====== DATA ======

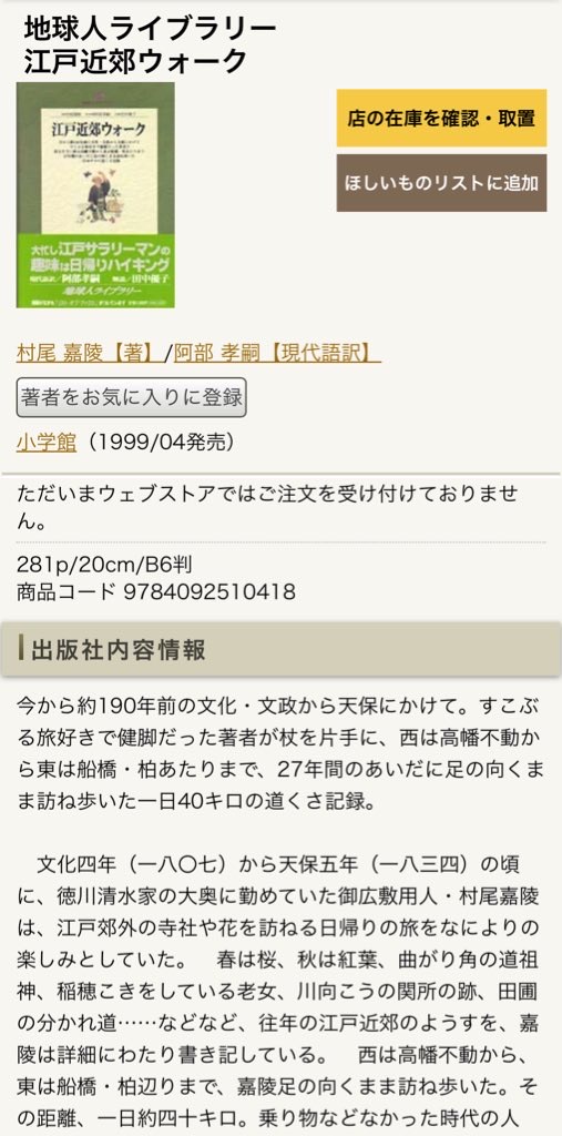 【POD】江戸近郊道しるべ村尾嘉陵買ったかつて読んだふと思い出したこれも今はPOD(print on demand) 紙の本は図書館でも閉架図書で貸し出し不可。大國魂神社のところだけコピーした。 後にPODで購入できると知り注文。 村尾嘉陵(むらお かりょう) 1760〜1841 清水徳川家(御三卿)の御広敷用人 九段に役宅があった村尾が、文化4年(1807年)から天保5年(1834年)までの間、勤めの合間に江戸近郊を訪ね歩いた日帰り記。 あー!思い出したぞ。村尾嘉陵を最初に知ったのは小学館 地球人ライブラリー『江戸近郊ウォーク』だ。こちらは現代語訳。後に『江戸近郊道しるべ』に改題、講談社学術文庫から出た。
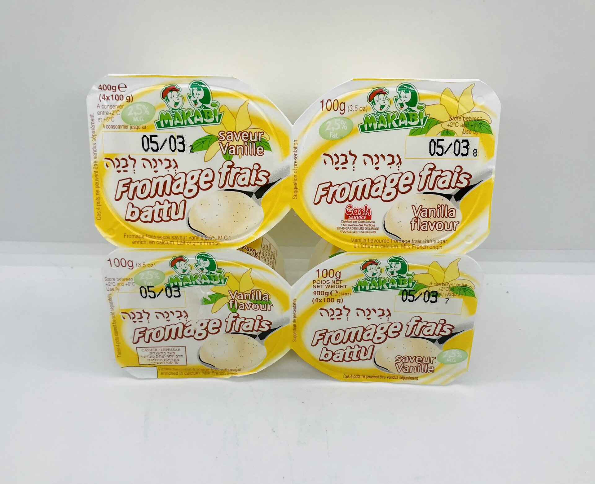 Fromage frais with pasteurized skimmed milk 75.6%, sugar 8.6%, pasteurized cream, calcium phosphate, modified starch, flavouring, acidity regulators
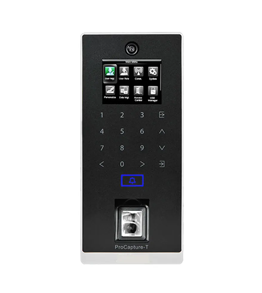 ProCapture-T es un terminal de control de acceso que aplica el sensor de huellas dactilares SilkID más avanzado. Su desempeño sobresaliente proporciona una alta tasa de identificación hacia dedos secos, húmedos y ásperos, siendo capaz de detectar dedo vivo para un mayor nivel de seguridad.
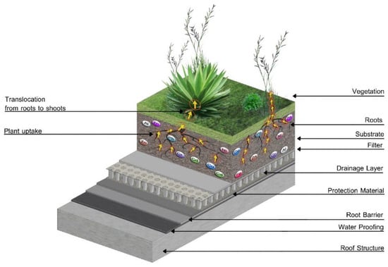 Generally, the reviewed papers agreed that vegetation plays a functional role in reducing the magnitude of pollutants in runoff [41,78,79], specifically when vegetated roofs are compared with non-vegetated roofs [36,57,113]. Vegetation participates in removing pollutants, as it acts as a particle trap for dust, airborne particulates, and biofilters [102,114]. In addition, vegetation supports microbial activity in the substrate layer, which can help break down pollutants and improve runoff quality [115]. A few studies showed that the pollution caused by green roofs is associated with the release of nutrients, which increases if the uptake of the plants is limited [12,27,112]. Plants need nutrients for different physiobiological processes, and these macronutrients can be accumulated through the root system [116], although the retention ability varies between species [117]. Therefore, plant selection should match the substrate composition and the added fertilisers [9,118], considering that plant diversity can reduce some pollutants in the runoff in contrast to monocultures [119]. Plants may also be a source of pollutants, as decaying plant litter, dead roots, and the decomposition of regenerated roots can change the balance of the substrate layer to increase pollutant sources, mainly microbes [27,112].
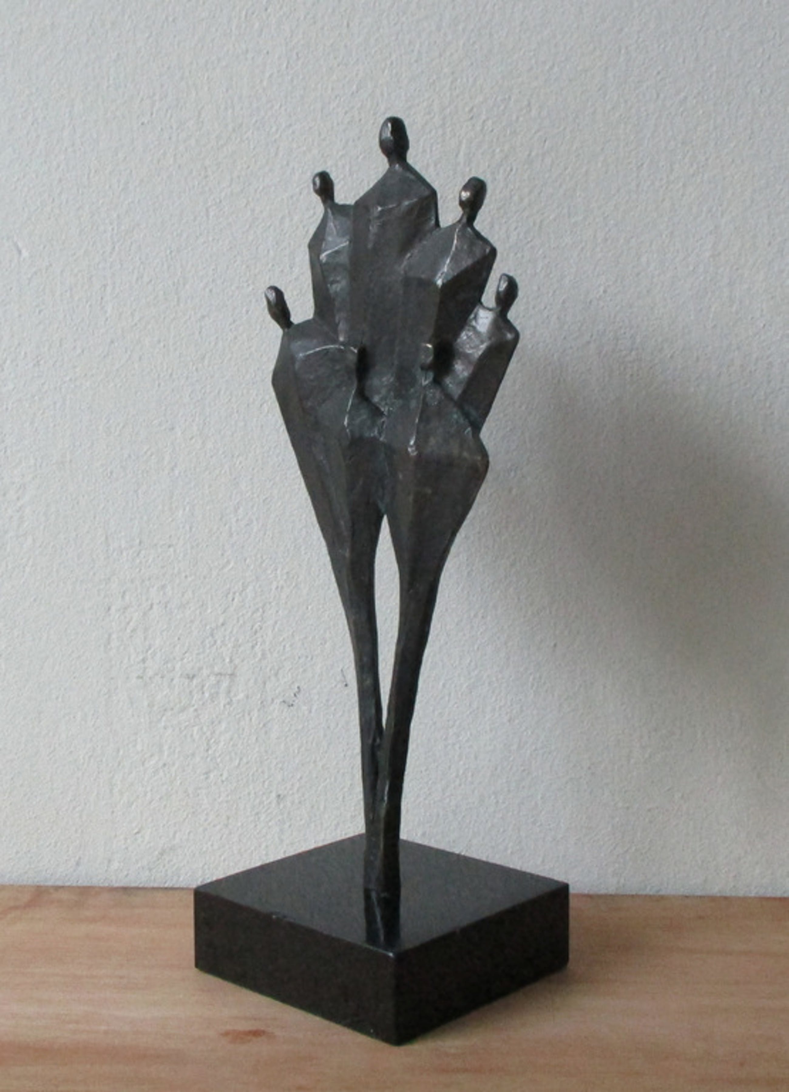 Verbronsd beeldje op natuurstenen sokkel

======
====== DATA ======

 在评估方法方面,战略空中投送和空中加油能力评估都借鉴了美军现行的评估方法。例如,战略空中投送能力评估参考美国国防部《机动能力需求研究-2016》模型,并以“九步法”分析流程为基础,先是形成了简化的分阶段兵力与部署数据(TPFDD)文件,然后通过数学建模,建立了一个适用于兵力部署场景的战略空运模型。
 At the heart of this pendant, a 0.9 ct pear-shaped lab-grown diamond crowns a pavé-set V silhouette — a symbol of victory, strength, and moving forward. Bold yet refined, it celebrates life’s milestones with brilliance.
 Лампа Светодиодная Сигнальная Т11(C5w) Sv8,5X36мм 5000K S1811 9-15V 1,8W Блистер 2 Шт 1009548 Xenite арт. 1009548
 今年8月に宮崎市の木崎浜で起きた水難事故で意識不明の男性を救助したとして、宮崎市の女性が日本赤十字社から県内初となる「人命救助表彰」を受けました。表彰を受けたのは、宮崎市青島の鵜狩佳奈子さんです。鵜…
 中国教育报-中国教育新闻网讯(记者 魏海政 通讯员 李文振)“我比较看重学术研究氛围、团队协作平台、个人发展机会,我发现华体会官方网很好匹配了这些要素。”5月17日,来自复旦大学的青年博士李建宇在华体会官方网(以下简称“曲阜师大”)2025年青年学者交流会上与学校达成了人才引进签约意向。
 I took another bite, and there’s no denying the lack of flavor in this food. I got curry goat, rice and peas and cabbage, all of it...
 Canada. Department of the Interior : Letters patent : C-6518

======
====== DATA ======

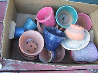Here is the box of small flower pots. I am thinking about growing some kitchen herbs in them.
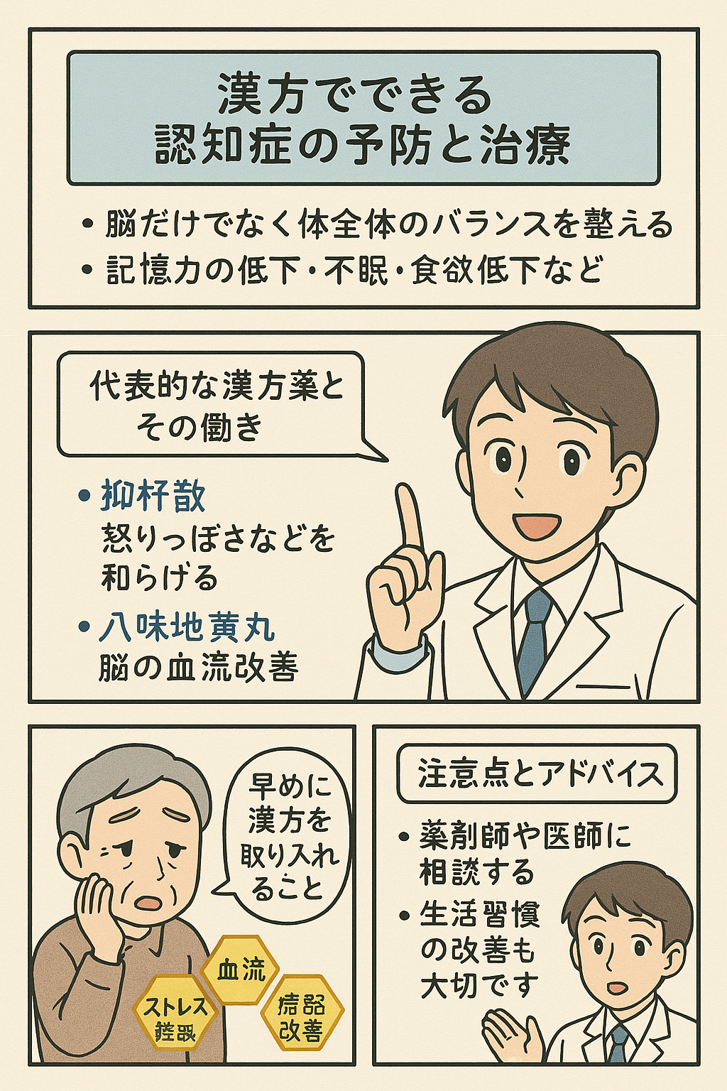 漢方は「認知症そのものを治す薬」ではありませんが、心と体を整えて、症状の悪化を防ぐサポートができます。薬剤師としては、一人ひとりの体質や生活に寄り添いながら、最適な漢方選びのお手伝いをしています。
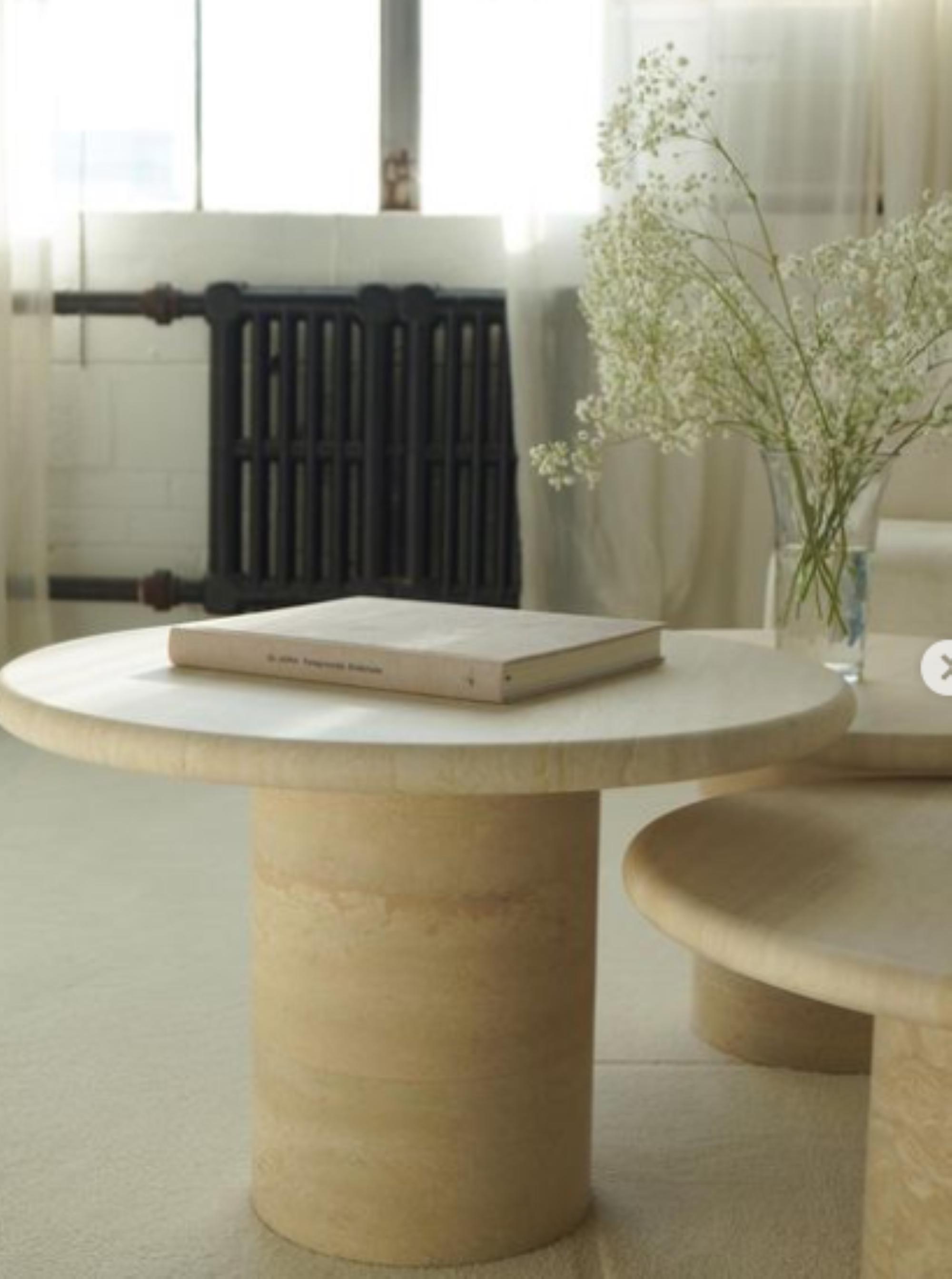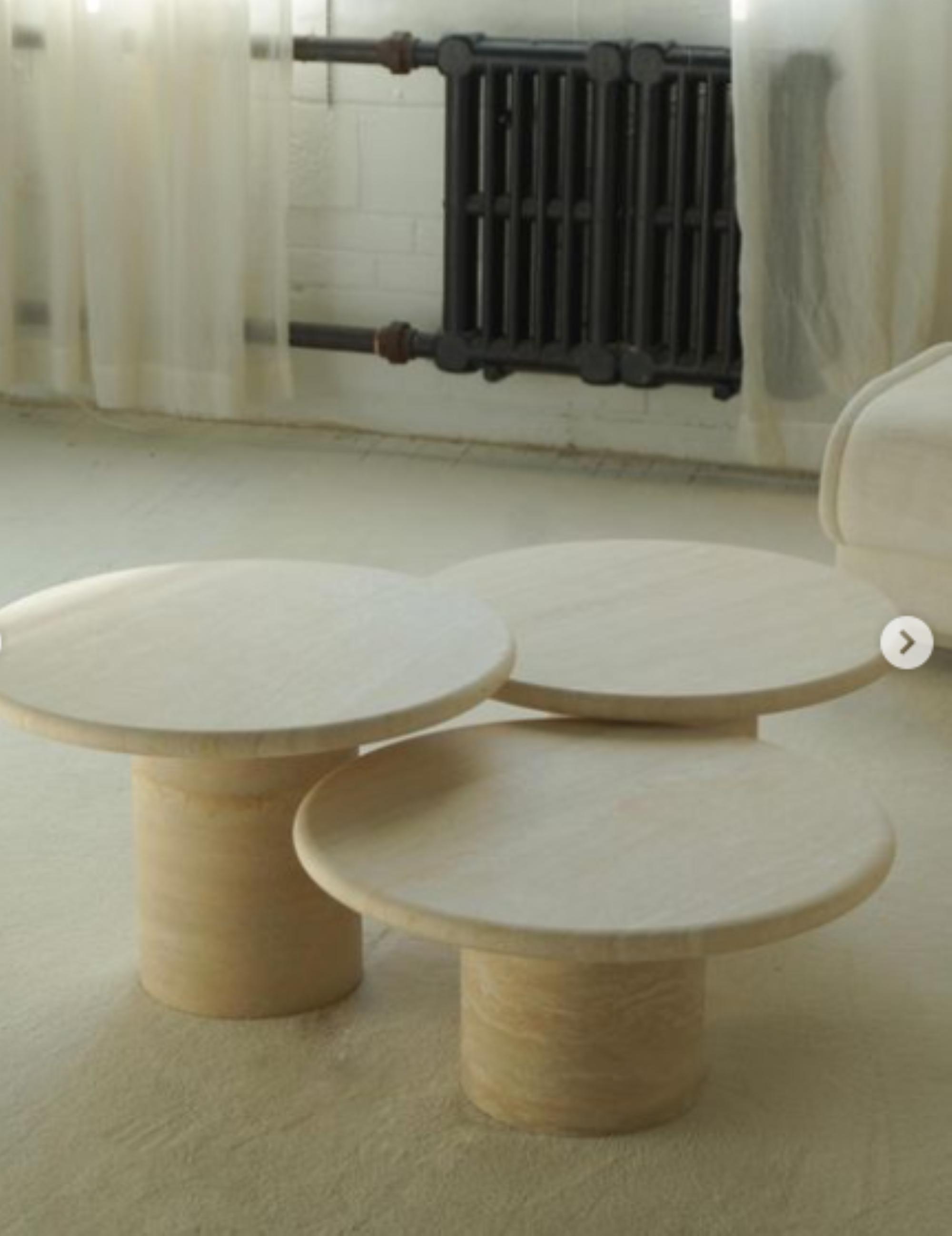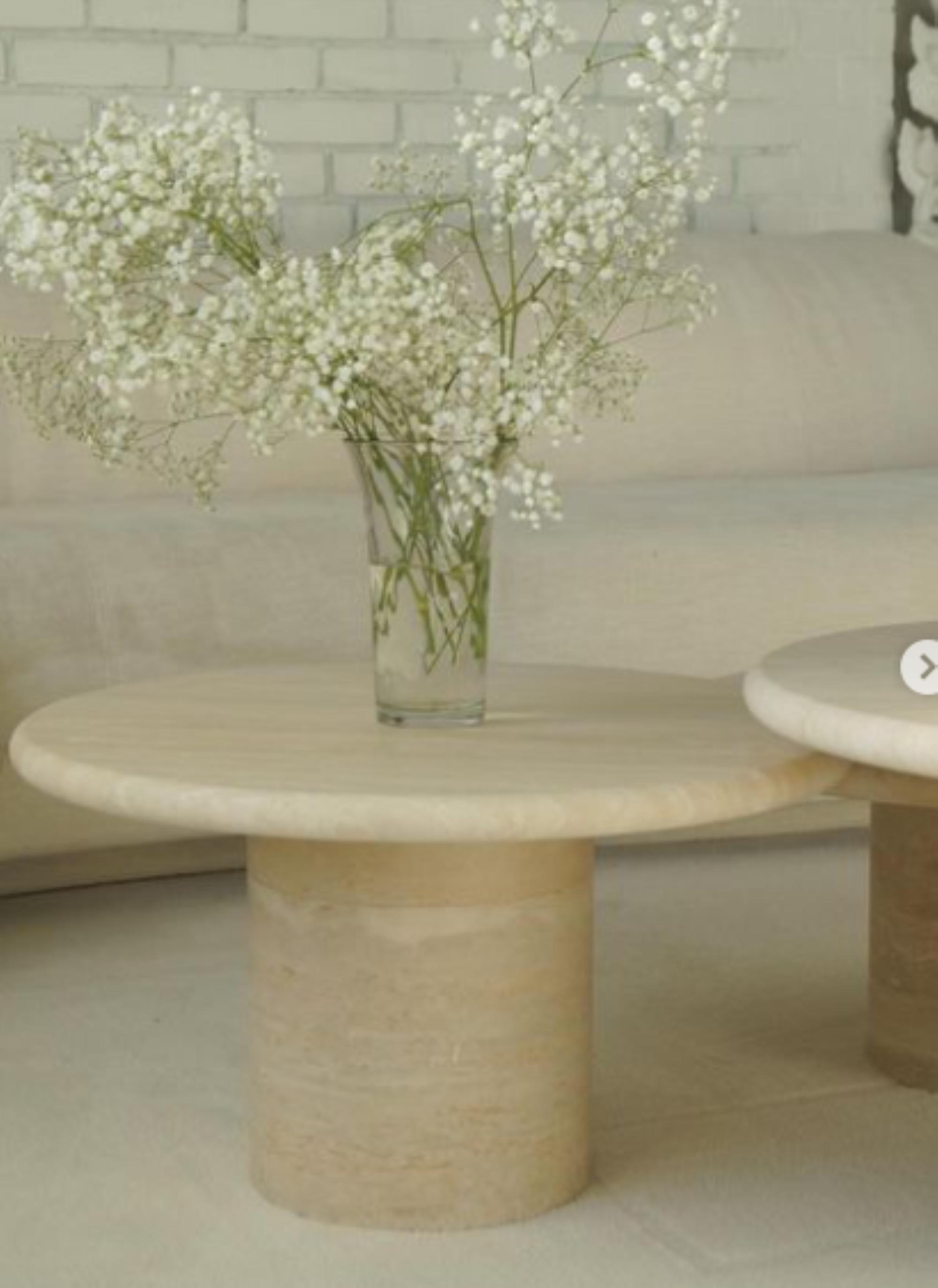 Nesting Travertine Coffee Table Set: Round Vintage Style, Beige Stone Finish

======

- EXERCISE OBJECTIVE: Repeat exactly the lines above, beginning at the one containing "Fromage frais with" and ending at the one containing "ProCapture-T es un". Do not carry over any pictures.

- RESPONSE TO THIS TASK:
 Fromage frais with pasteurized skimmed milk 75.6%, sugar 8.6%, pasteurized cream, calcium phosphate, modified starch, flavouring, acidity regulators
 ProCapture-T es un terminal de control de acceso que aplica el sensor de huellas dactilares SilkID más avanzado. Su desempeño sobresaliente proporciona una alta tasa de identificación hacia dedos secos, húmedos y ásperos, siendo capaz de detectar dedo vivo para un mayor nivel de seguridad.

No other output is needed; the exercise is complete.